Subpacketization in Coded Caching: The exponential reduction in subpacketization (an $\alpha^t$ factor decrease, where $\alpha = \gcd(\bar v_1, ..., \bar v_\Lambda)$ ) makes coded shared-cache strategies feasible for large $K$ and limited $\Lambda$ (Malik et al., 2021).
Latency Savings in VideoLLMs: A measured $24.5\%$ reduction in ViT prefill latency and similar retrieval speedups are obtainable with negligible accuracy loss, consistent across several baselines (Wang et al., 30 Nov 2025).

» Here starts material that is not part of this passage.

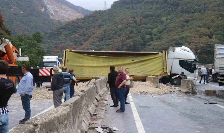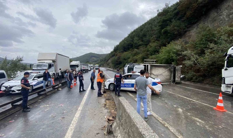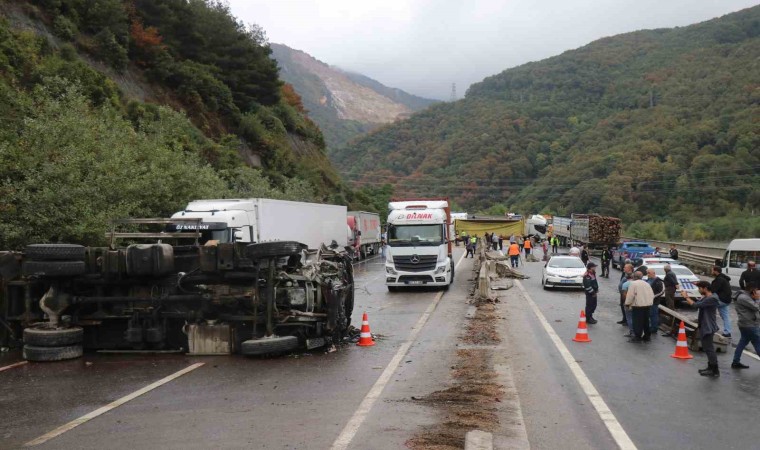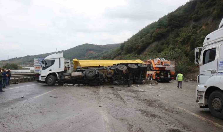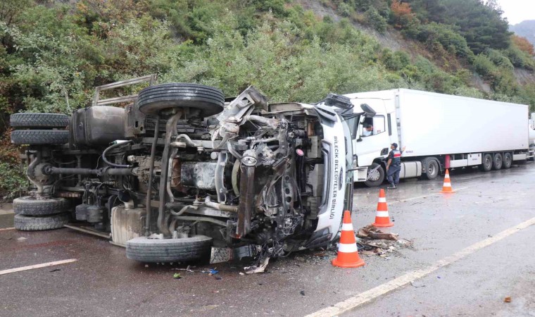 D-650 kara yolu Kızılkaya Mahallesi mevkiinde meydana gelen kazada, Bilecik istikametine seyir halinde olan Bilecik Belediyesi’ne ait çöp kamyonu yapış sebebiyle kontrolden çıkarak devrildi. Kazayı gören 34 GBV 001 plakalı hafriyat tırı ani fren yapması neticesinde kontrolden çıkarak karşı şeride geçip yan yattı. Aynı istikamette seyir halinde olan ve kazayı gören 03 HS 078 plakalı kamyon ise manevra yaparak karşı yönden gelen 55 AFB 136 plakalı tır ile kafa kafaya çarpıştı. Meydana gelen zincirleme trafik kazasında Bilecik Belediyesi’ne ait çöp kamyonundaki sürücü yaralandı. Durumum haber verilmesi üzerine bölgeye sağlık, jandarma, polis ve itfaiye ekibi sevk edildi. Olay yerine gelen sağlık ekipleri yaptıkları ilk müdahale sonrasında yaralıyı hastaneye sevk etti. Meydana gelen kaza neticesinde D-650 kara yolunun her iki istikameti trafiğe kapandı. Kaza sebebiyle kara yolunun her iki istikametinde de kilometrelerce araç kuyruğu oluştu. Ekipler, kazaya karışan araçları bulunduğu yerden kaldırmak için çalışmalarını sürdürürken kazaya ilişkin inceleme başlatıldı.

Dynamic Partitioning: The stochastic subgradient dynamic partitioning keeps the cache miss rate within $10\%$ of the global optimum and adapts to non-stationary regimes without object-level information (Araldo et al., 2016).

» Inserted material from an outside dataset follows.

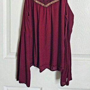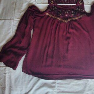 Cold Shoulder Peasant Blouse Red Purple Embroidered

6. Limitations and Future Directions

Coded Caching: In the presence of highly dynamic user–cache association patterns or extremely skewed access, performance gains depend on accurate load estimation and may degrade if real association distributions violate modeling assumptions (Malik et al., 2021).
Caching for Encrypted Delivery: Noisy gradient estimation requires careful step-size selection; performance converges over $10^2$ – $10^3$ slots and re-initialization in ON–OFF popularity regimes (Araldo et al., 2016).
Streaming Compression: For high-motion videos where most tokens are dynamic, cache hit rates and speedup diminish; adaptive thresholds and motion estimators may ameliorate this (Wang et al., 30 Nov 2025).
STF Caching: Overfitting to instantaneous popularity risks overshooting in bursty regimes; recency-based schemes may be more robust in such cases (Gao et al., 2019).

A plausible implication is that future research will investigate finely tuned or hybrid variants—such as adaptive cache intervals, learnable dynamic thresholds, and combined popularity–recency predictors—to further optimize the tradeoffs explored by current STC-Cacher systems across modalities and deployment scenarios.